We celebrate our certification to ISO 13485: 2016, the international standard for medical devices. It is a long-awaited update from the well-established ISO 13485: 2003.
We have been working on implementing ISO 13485: 2016 in a timely manner and have obtained our certification well before the transitional period’s deadline. Technolution is currently some of the only consultants in Denmark, who have an ISO 13485:2016 certification for the development of medical devices.
Our QA team has strived for a lean system at an appropriate level, ensuring that we are in compliance, and at the same time, that the system is easy to use in the development process.
“It is great to achieve an ISO 13485: 2016 certification and at the same time update our system, so it is, even more, business-oriented and therefore entrenched throughout the organization”

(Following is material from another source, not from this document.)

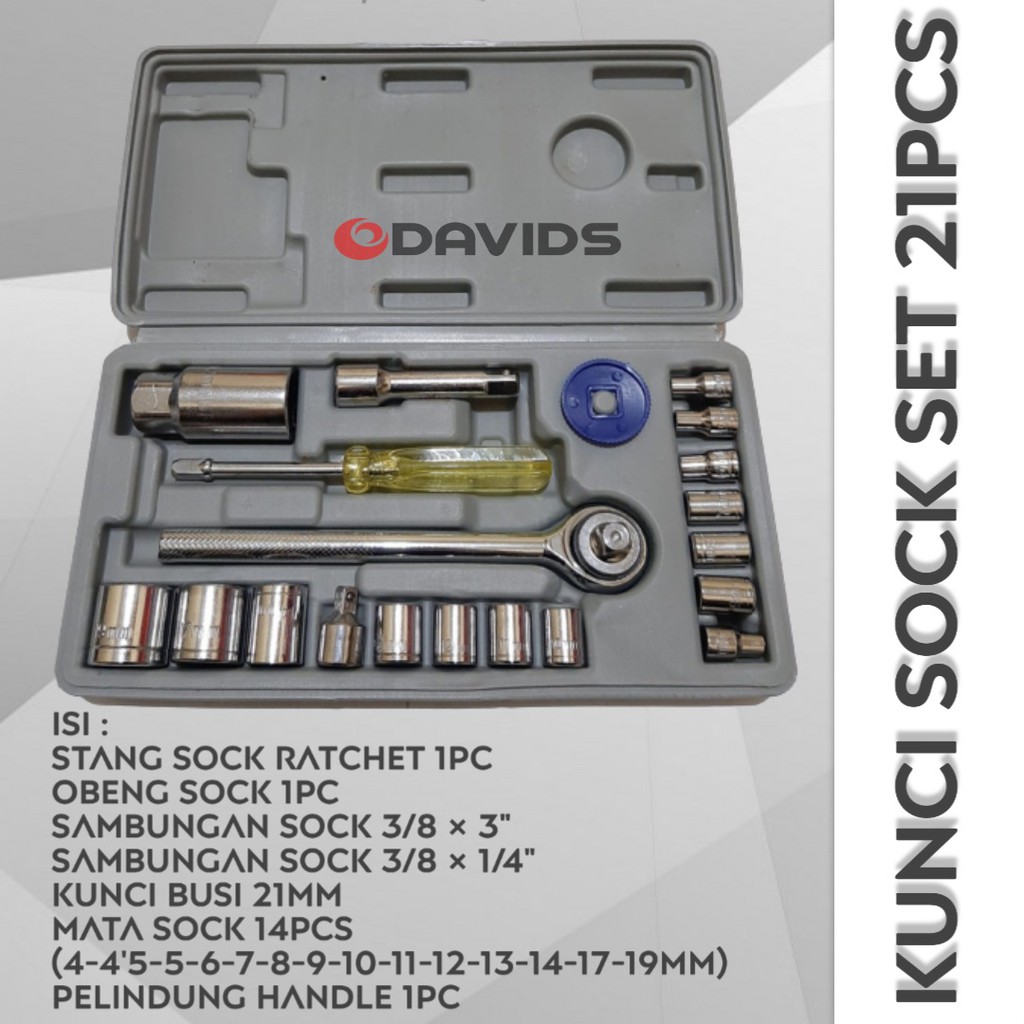 Kelengkapan Produk :- 1 buah gagang sok ratchet 3/8"- 1 buah obeng sok 1/4"- 1 buah sambungan sok 3/8" panjang 3"- 1 buah sambungan sok 3/8" x 1/4"- 1 buah kunci busi 21 mm- 1 buah mata sok 1/4" ukuran 4 mm- 1 buah mata sok 1/4" ukuran 4,5 mm- 1 buah mata sok 1/4" ukuran 5 mm- 1 buah mata sok 1/4" ukuran 6 mm- 1 buah mata sok 1/4" ukuran 7 mm- 1 buah mata sok 1/4" ukuran 8 mm- 1 buah mata sok 1/4" ukuran 9 mm- 1 buah mata sok 1/4" ukuran 10 mm- 1 buah mata sok 1/4" ukuran 11 mm- 1 buah mata sok 1/4" ukuran 12 mm- 1 buah mata sok 1/4" ukuran 13 mm- 1 buah mata sok 3/8" ukuran 14 mm- 1 buah mata sok 3/8" ukuran 17 mm- 1 buah mata sok 3/8" ukuran 19 mm- 1 buah pelindung handle- Dilengkapi packing box plastik#kuncishock #kuncishockset #kuncisok #kuncisokset #too

Achieving certification to the new standard is a manifestation of our ongoing focus on improving our management system, and at the same time meeting our customers’ expectations, of structure and quality in a highly regulated medical sector. With the new standard, we and the industry are even closer to our vision of working with a risk-based approach to product development of medical devices.
“Technolution has been ISO 13485 certified for several years, but the 2016 version has given us incentive to a thorough review of our system. We started this process early on, to have the time, to create a new structure for our system. The result is, that our new system is even better tailored to our customers’ needs, efficient to use and acts as a framework for a good development process while focusing on all business processes.” Marianne Lind, Quality Manager, Technolution
We look forward to taking the system into use for our clients.